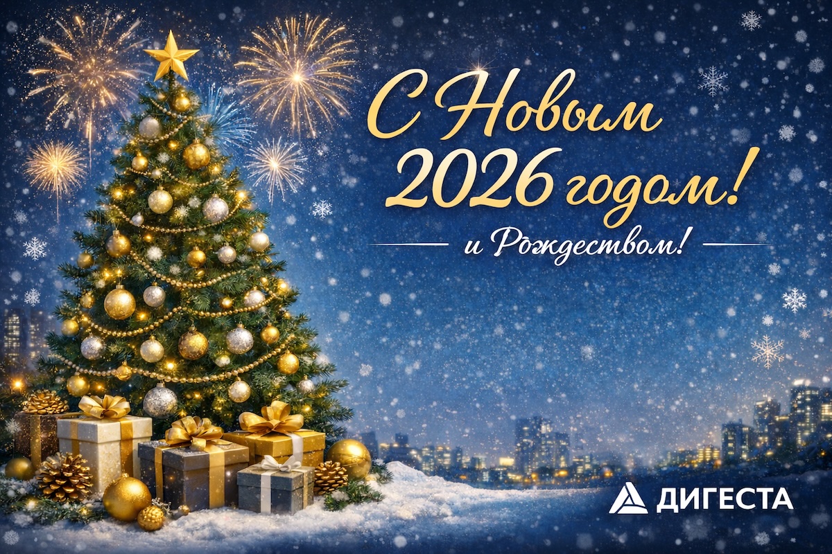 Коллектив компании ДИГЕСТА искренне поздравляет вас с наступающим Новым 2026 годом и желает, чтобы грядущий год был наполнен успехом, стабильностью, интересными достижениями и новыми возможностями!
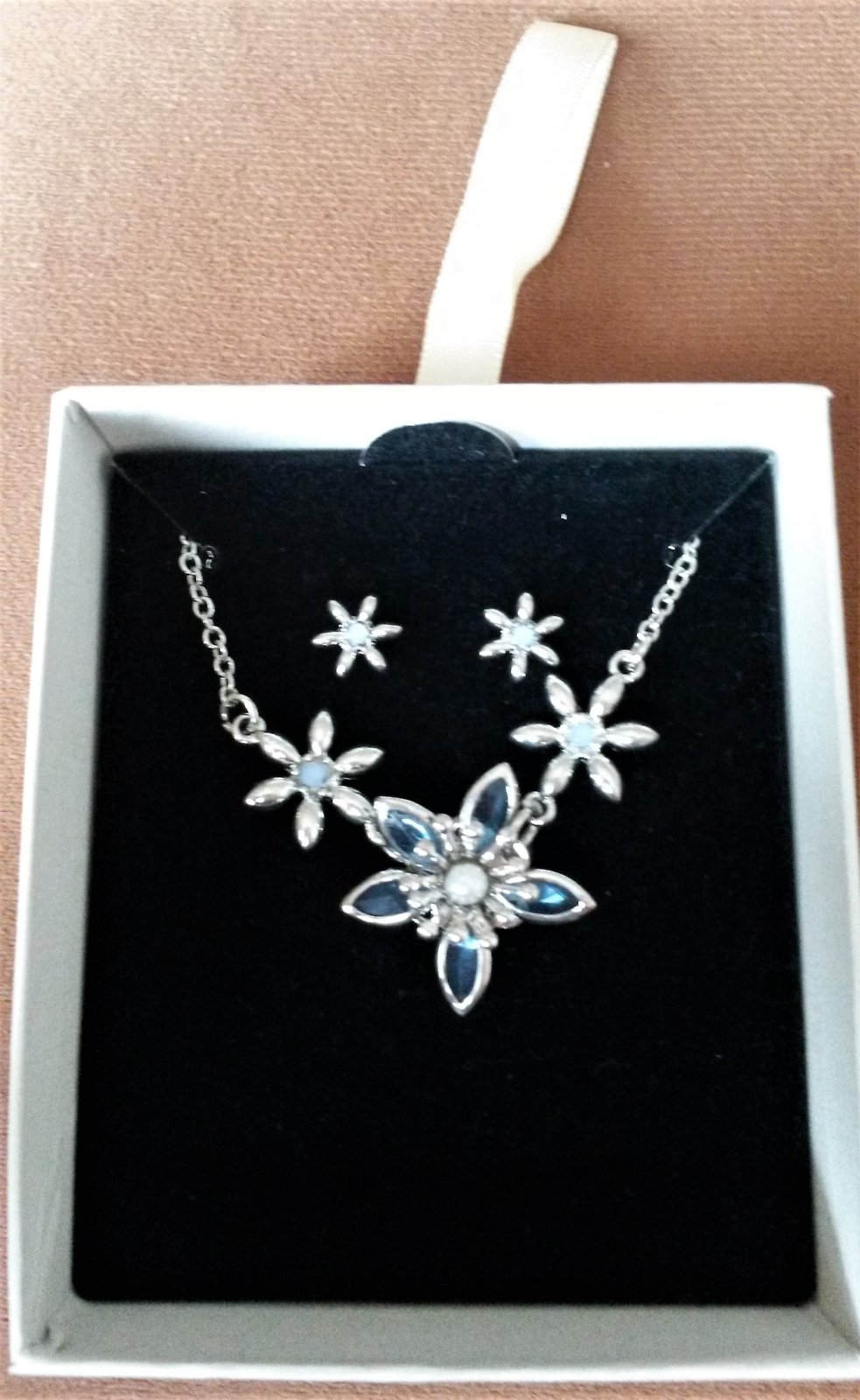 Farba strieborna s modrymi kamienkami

------------------------------------

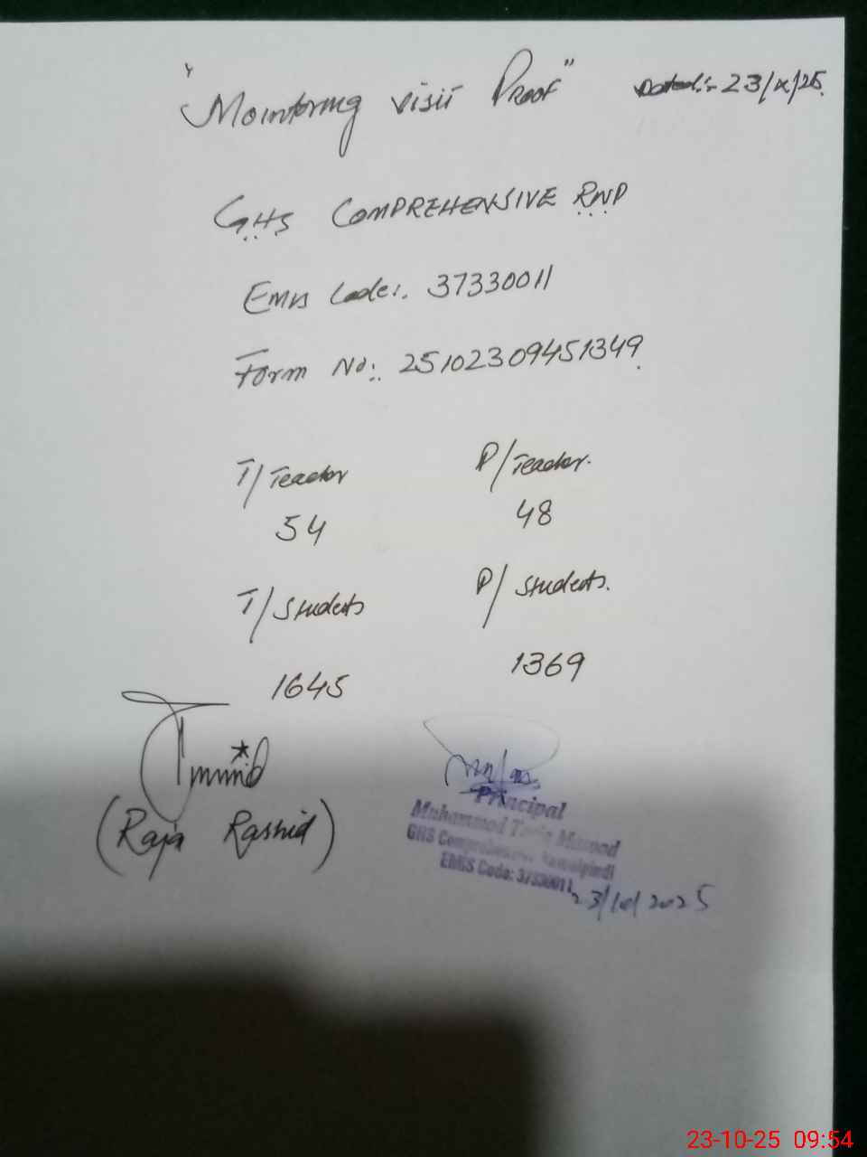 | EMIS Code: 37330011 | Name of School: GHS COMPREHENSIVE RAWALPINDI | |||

------------------------------------

*Exercise aim*:
Pictures excluded, reproduce only the part above that opens with the line holding "Коллектив компании ДИГЕСТА" and closes with the line holding "Farba strieborna s modrymi kamienkami", exactly as written.

*Answer*:
 Коллектив компании ДИГЕСТА искренне поздравляет вас с наступающим Новым 2026 годом и желает, чтобы грядущий год был наполнен успехом, стабильностью, интересными достижениями и новыми возможностями!
 Farba strieborna s modrymi kamienkami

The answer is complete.